The Shoah in Microcosm:

What happened to Lvov's Jews

jewishsightseeing.com
,  June 2, 2005

Smoke in the Sand by Eliah Yones; Gefen Publishing House; 390 pages; $29.95.

Reviewed by Norman Manson

There have been numerous Holocaust histories, memoirs and other detailed studies of that catastrophic era, but relatively few case studies of particular Jewish communities - how they were attacked and how they reacted in the face of the overwhelming danger they were faced with. Thus, this study,  subtitled the "Jews of Lvov in the War Years, 1939-1944," is a valuable addition to the voluminous list of works about that era.
 
While much of what transpired in Lvov - a fairly large city in eastern Galicia that at various times was part of Poland, Austria-Hungary and Ukraine - probably is typical of the horrific happenings throughout nazi-occupied Europe, it would appear that some of the persecutions and other events differ from what took place in most other communities.
 
There appear to be some historical reasons for this difference. Firstly, Lvov and the surrounding area was a longtime battleground between Poles and Ukrainians, with the Jews literally caught in the middle and persecuted to varying degrees by both factions. Secondly, Lvov was in that part of Poland that came under Soviet control under secret terms of the infamous nazi-Soviet pact of August 1939, which immediately precipitated World War II. While the almost two years that the area was under Soviet control were not a happy time for the Jews, they were sheer bliss compared with the years that followed, after the Wehrmacht swept through eastern Poland in its 1941 invasion of the Soviet Union.
 
Eliah Yones lived through the Holocaust in Lvov - he managed to escape to the nearby forests and joined the Partisans in fighting the Germans - and then immigrated to Israel. The book is based both on his personal experiences and his research for a Ph. D., which he earned at Hebrew University at the age of 79.
 
The generally held viewpoint about the Holocaust in Eastern Europe is that Jews were first herded into tightly controlled ghettos, where they led highly constricted lives, and at a certain point (usually in 1942 or early 1943) they were led onto freight trains headed for Auschwitz, Treblinka or the other death camps.
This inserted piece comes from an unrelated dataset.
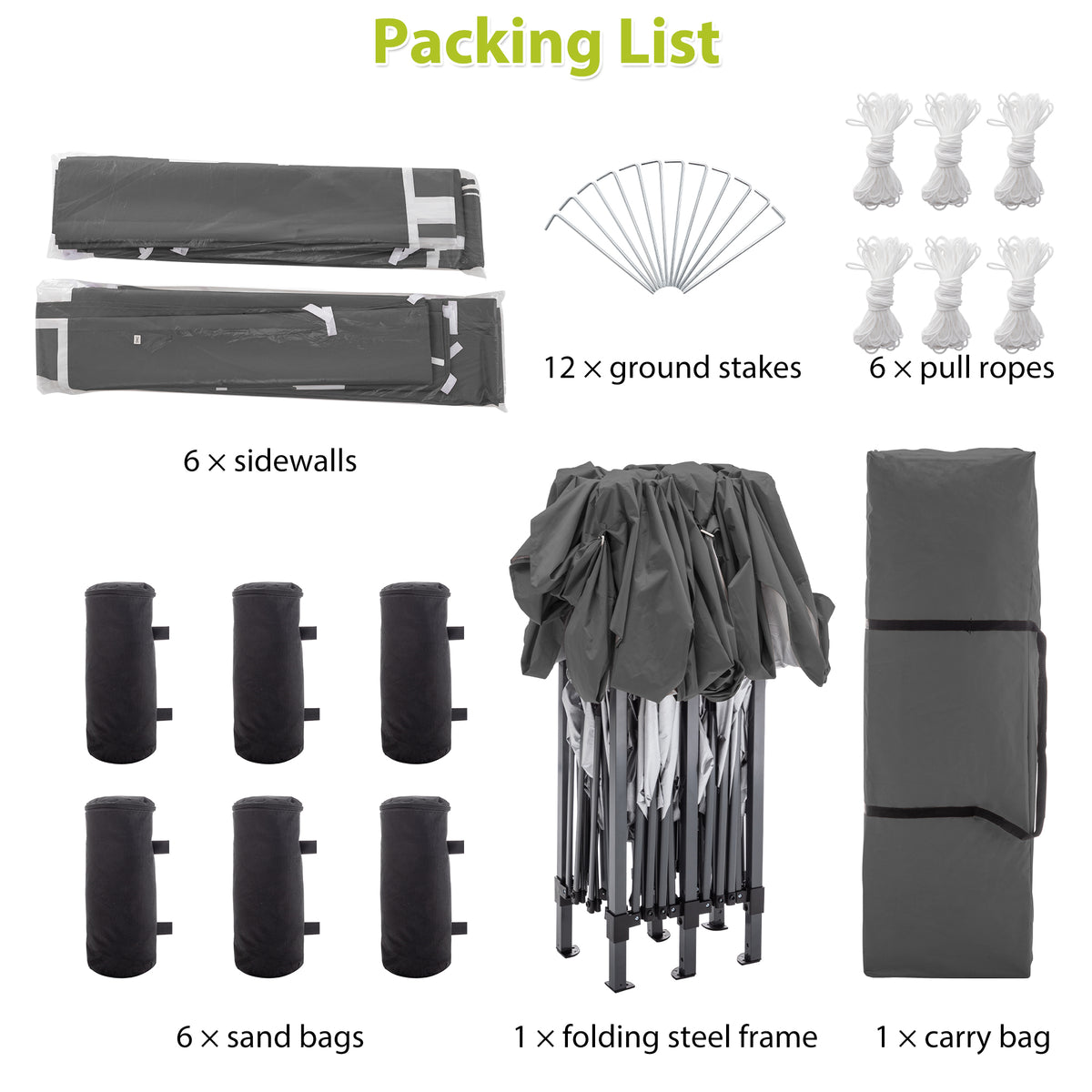 10'x20' EZ Pop Up Canopy Outdoor Portable Party Folding Tent with 6 Removable Sidewalls + Carry Bag + 6 pcs Weight Bag Beige Grey W1212P146439-djyc
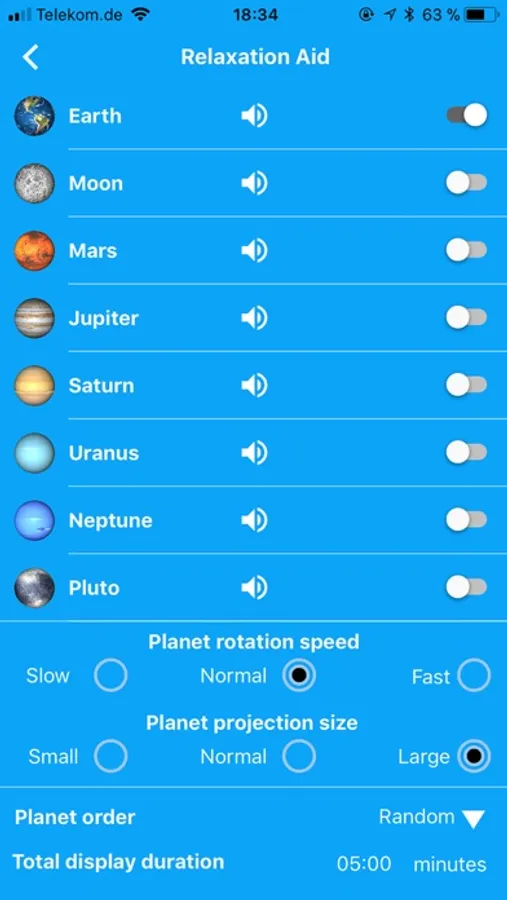 Relaxation aid: Become the "astronaut" who moves around the selected planet in the "orbit". DreamMe ORBIT turns your smartphone into a pocket planetarium. The calming rotation of the planets and the relaxing sounds have been proven to reduce the pulse beat and bring your thoughts into distant galaxies. Thus, DreamMe ORBIT prepares you for the sleep phase and helps you to relax. Optionally, custom relaxation or sleep sounds can be selected. You can customize the DreamMe ORBIT APP to your personal liking. In addition to the visual relaxation by DreamMe ORBIT, the selected planet sequence is supported by selected soundtracks matching the respective planet. Each of the eight planets and the moon, are assigned their own sound, all of them are unique and relaxing. In the app, the background sounds can be activated or deactivated. The length / duration as well as the volume are also set here. If you want, you can also play your own music.

The story in Lvov is quite different. Here, starting with the nazi takeover in the summer of 1941, they were subjected to a series of  Aktionen, during which significant numbers would be murdered. As time went on, these became virtually continuous,
shrinking the size of the ghetto considerably. While some Jews were sent to the death camp at Belzc, it appears that large numbers were slain in and around Lvov, many in a slave-labor camp called Janowska on the city's outskirts.
 
Also there was a dispute in nazi ranks between civilians, mostly businessmen, who wanted to "save" at least the able-bodied Jews for use as slave labor, and the Gestapo and SS, who were determined to conduct the final solution - the latter group of course won out.
 
Yones writes in considerable detail about the Judenrat (Jewish council) and its multiple departments, a massive bureaucracy employing 5,000 people at its peak. Gradually, it was transformed into a tool to implement the Germans' anti-Jewish schemes and for the Jews to perform the Germans' dirty work. He is most critical, however, of the Jewish police, who collaborated  with the nazis to the extent that survivors have severely condemned them. One of them wrote that they "left an ineradicable stain on the history of the ghetto in Lvov."
 
No punches are pulled in this account, so that Yones leaves us with a decidedly mixed picture of Lvov Jewry's actions under the extreme pressure of a ruthless enemy. A few terms are not properly explained, and some are left unexplained until later chapters, leaving the reader somewhat puzzled. But overall, this is a very well researched, carefully documented study of a community in a time of unbearable stress and strain.